Corsair PSU's are excellent, but that system shouldn't need more than a ~550W PSU.  Either of the models you mentioned should be fine.  I have 13 hard drives, hardware RAID, a Nvidia 560Ti, 16GB, an ~i7 equivalent Xeon, and can barely break 400W if I run Furmark and CPU burn simultaneously.


----------



## Runefox (Mar 8, 2013)

The 660 is enough to play pretty much any MMORPG at medium or higher quality at 1080p, which is plenty. The Intel integrated HD graphics aren't as bad as they used to be, but they still don't pack enough of a punch to run most games properly. Most MMO's will *run* with them, but only with the settings turned down to the minimum, and that leaves no room for the future. The 660 is a middle of the road card, and future MMO's are going to be more and more graphically complex.
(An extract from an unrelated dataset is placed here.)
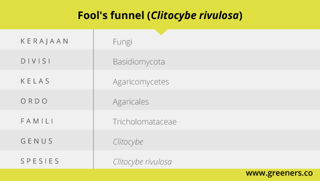 Jamur corong bodoh, champignon palsu, atau Fool’s funnel dikenal juga dengan ilmiah Clitocybe rivulosa. Berasal dari famili Tricholomataceae yang beranggotakan lebih dari 100 genus.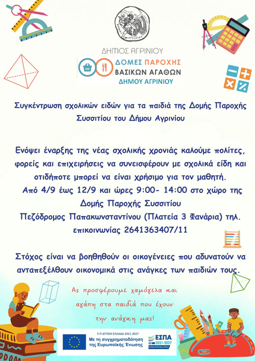 Η συγκέντρωση σχολικών ειδών θα πραγματοποιείται από Πέμπτη 4 Σεπτεμβρίου  έως  και την Παρασκευή 12 Σεπτεμβρίου 2025, από τις 9:00 – 14:00 στον χώρο της Δομής Παροχής Συσσιτίου Πεζόδρομος Παπακωνσταντίνου (Πλατεία 3 Φανάρια στο Αγρίνιο).

Final Fantasy XIV's recommended card, for example, is a GeForce 460, which for a 3 year old MMORPG is high.

The OP could go with a lower tier card like the GeForce 640, but for any kind of gaming, I would recommend a discrete card rather than the onboard GPU. Even Minecraft struggles on integrated graphics.


----------



## dietrc70 (Mar 8, 2013)

After reviewing the benchmarks, I agree with you.  I didn't know the Intel onboard was so weak for 3D.  I use it for my secondary monitor and laptop and have been very impressed with its performance in graphics applications, but I had forgotten how much more demanding modern games are.  What I particularly like about the Intel socket 1155 video is that one can take one's time shopping around for a video card while still having a very usable computer.  I still think that $300 + 2GB might be overkill, though.  For Crysis-type stuff I'd say yes, for MMORPG's it might be better to look at the $180 price point and upgrade in two or three years.  I think the main point I want to make is that if one has to cut corners somewhere, the video card is a better place to do it that the other parts, which will likely be in service longer and are much more of a pain and expense to upgrade later.


----------



## Runefox (Mar 9, 2013)

Yeah, the Ti edition is a more powerful card - Further down, I mention that the OP could easily save $90 by going with the standard GeForce 660, which is probably the most economically sound cost reduction for the overall build. Still, like I said, the more powerful card gives a bit more wiggle room with regard to future games, and not having to shell out another $200 later on down the road for something that will run the latest MMO in 2015.


----------